:: PROVIDED DATA

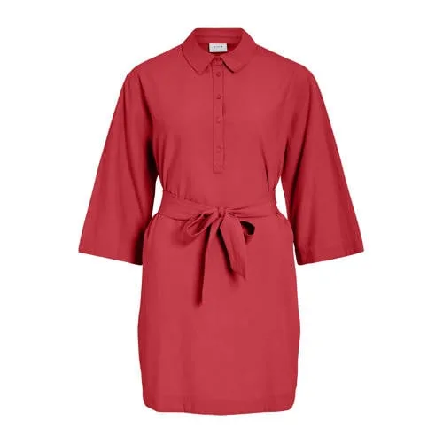 Voeg eenvoudig kleur toe aan je garderobe met deze koraalrode korte jurk van VILA. De frisse tint koraalrood past goed bij het voorjaar en geeft meteen een levendige, maar rustige uitstraling. De jurk valt kort, heeft een klassieke kraag en een knoopsluiting aan de voorkant, zodat je zelf bepaalt hoe open je de hals draagt. De bijpassende ceintuur in de taille zorgt voor een vrouwelijk silhouet en maakt het geheel netjes afgewerkt.Vrouwelijke details voor elke dag Korte jurk uit de Daily collectie, ideaal voor alledaags gebruik Koraalrode kleur voor een frisse uitstraling Klassieke kraag en doorknoopsluiting voor een nette uitstraling Driekwart mouwen met rechte mouwinzet voor een rustige vorm Ceintuur in de taille voor een mooi geaccentueerde pasvorm Effen ontwerp zonder zakken voor een strak en rustig beeld Geschikt voor standaardmaten damesGemakkelijk te stylen in het voorjaarDeze korte jurk is een praktische basis voor je lente-outfits. Combineer met sneakers voor een casual dag, of kies voor laarsjes en subtiele sieraden als je net iets gekleder wilt gaan. De effen kleur maakt het eenvoudig om er een vest, blazer of jas overheen te dragen.VILA: toegankelijke mode met een moderne twistVILA staat bekend om vrouwelijke items met een zachte, moderne uitstraling. De collecties zijn ontworpen om goed te combineren, zodat je met een paar key pieces meerdere looks maakt. Met deze jurk kies je voor een item dat past bij een druk dagelijks leven en toch verzorgd oogt.Een praktische jurk die je garderobe het hele seizoen door kleur en gemak geeft.
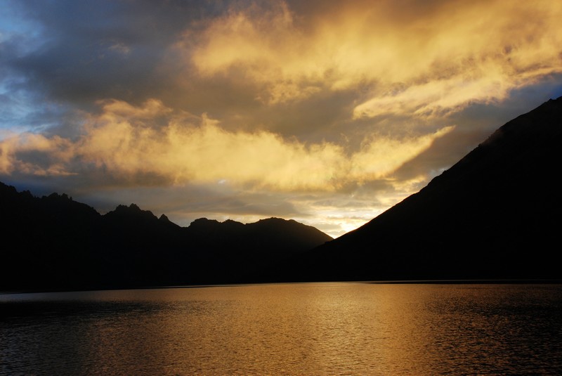 一早彩霞漫天,风光无限。9点40出发,沿日干错徒步,还是灌木,泥沼,路径明显,1小时后就到了湖边尽头,有一户牧民,桃源人家啊!向他问了一下路,垭口在山的左边。然后继续穿过一片草地来到上日干错,两湖之间有河,过河费了一些周折,1点左右在上日干错尽头路餐。
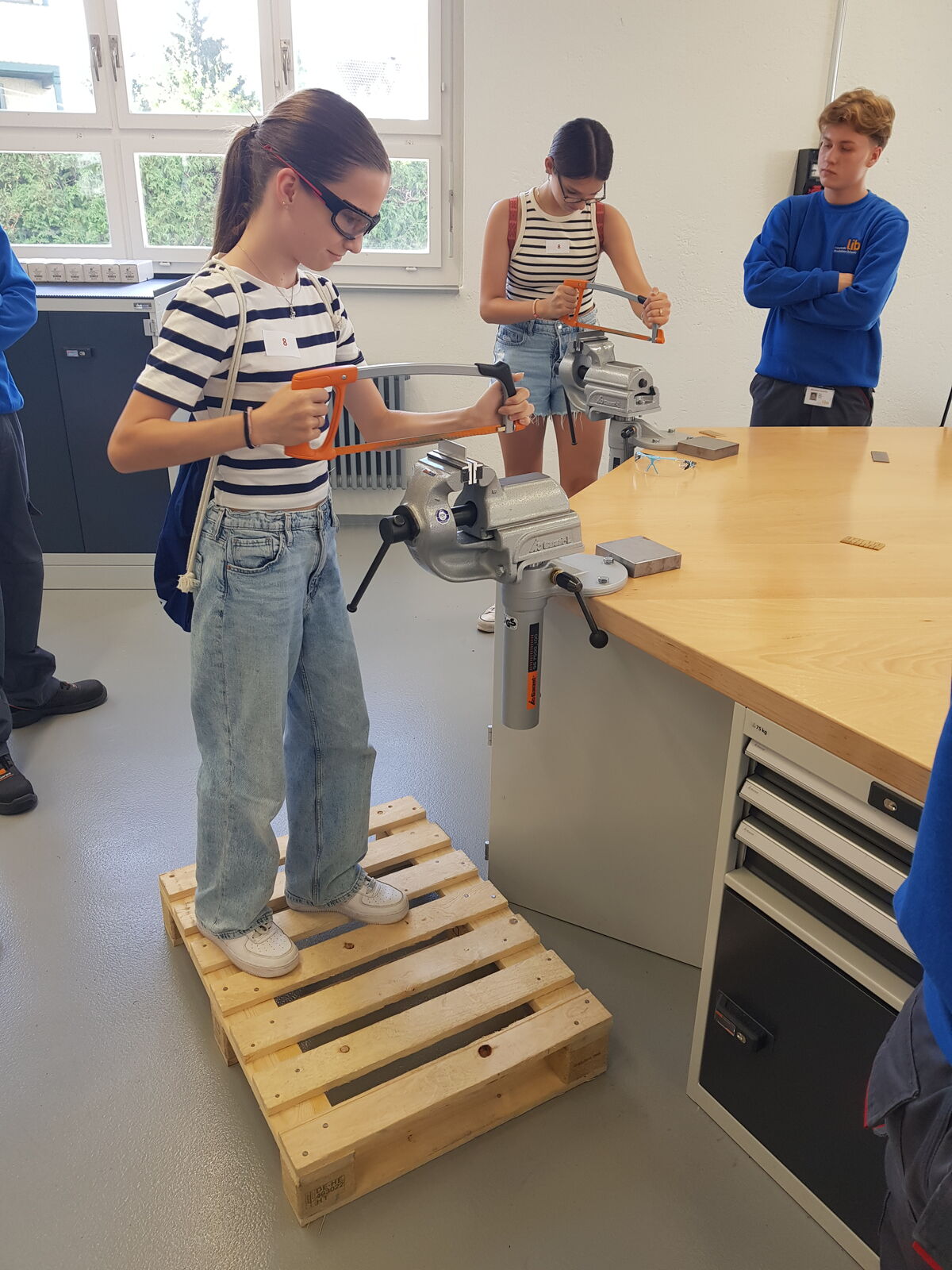 Die Klasse 2sb besuchte mit Frau Baumgartner und Herrn Entner die Berufsorientierung der libs in Heerbrugg. Dort erhielten die Jugendlichen spannende Einblicke in verschiedene technische Lehrberufe und durften sich in der Werkstätte auch selbst handwerklich betätigen.

::::

• [WORK REQUEST]: Set down the material word for word, and drop every picture from it.

• [TASK ANSWER]:
 Voeg eenvoudig kleur toe aan je garderobe met deze koraalrode korte jurk van VILA. De frisse tint koraalrood past goed bij het voorjaar en geeft meteen een levendige, maar rustige uitstraling. De jurk valt kort, heeft een klassieke kraag en een knoopsluiting aan de voorkant, zodat je zelf bepaalt hoe open je de hals draagt. De bijpassende ceintuur in de taille zorgt voor een vrouwelijk silhouet en maakt het geheel netjes afgewerkt.Vrouwelijke details voor elke dag Korte jurk uit de Daily collectie, ideaal voor alledaags gebruik Koraalrode kleur voor een frisse uitstraling Klassieke kraag en doorknoopsluiting voor een nette uitstraling Driekwart mouwen met rechte mouwinzet voor een rustige vorm Ceintuur in de taille voor een mooi geaccentueerde pasvorm Effen ontwerp zonder zakken voor een strak en rustig beeld Geschikt voor standaardmaten damesGemakkelijk te stylen in het voorjaarDeze korte jurk is een praktische basis voor je lente-outfits. Combineer met sneakers voor een casual dag, of kies voor laarsjes en subtiele sieraden als je net iets gekleder wilt gaan. De effen kleur maakt het eenvoudig om er een vest, blazer of jas overheen te dragen.VILA: toegankelijke mode met een moderne twistVILA staat bekend om vrouwelijke items met een zachte, moderne uitstraling. De collecties zijn ontworpen om goed te combineren, zodat je met een paar key pieces meerdere looks maakt. Met deze jurk kies je voor een item dat past bij een druk dagelijks leven en toch verzorgd oogt.Een praktische jurk die je garderobe het hele seizoen door kleur en gemak geeft.
 一早彩霞漫天,风光无限。9点40出发,沿日干错徒步,还是灌木,泥沼,路径明显,1小时后就到了湖边尽头,有一户牧民,桃源人家啊!向他问了一下路,垭口在山的左边。然后继续穿过一片草地来到上日干错,两湖之间有河,过河费了一些周折,1点左右在上日干错尽头路餐。
 Die Klasse 2sb besuchte mit Frau Baumgartner und Herrn Entner die Berufsorientierung der libs in Heerbrugg. Dort erhielten die Jugendlichen spannende Einblicke in verschiedene technische Lehrberufe und durften sich in der Werkstätte auch selbst handwerklich betätigen.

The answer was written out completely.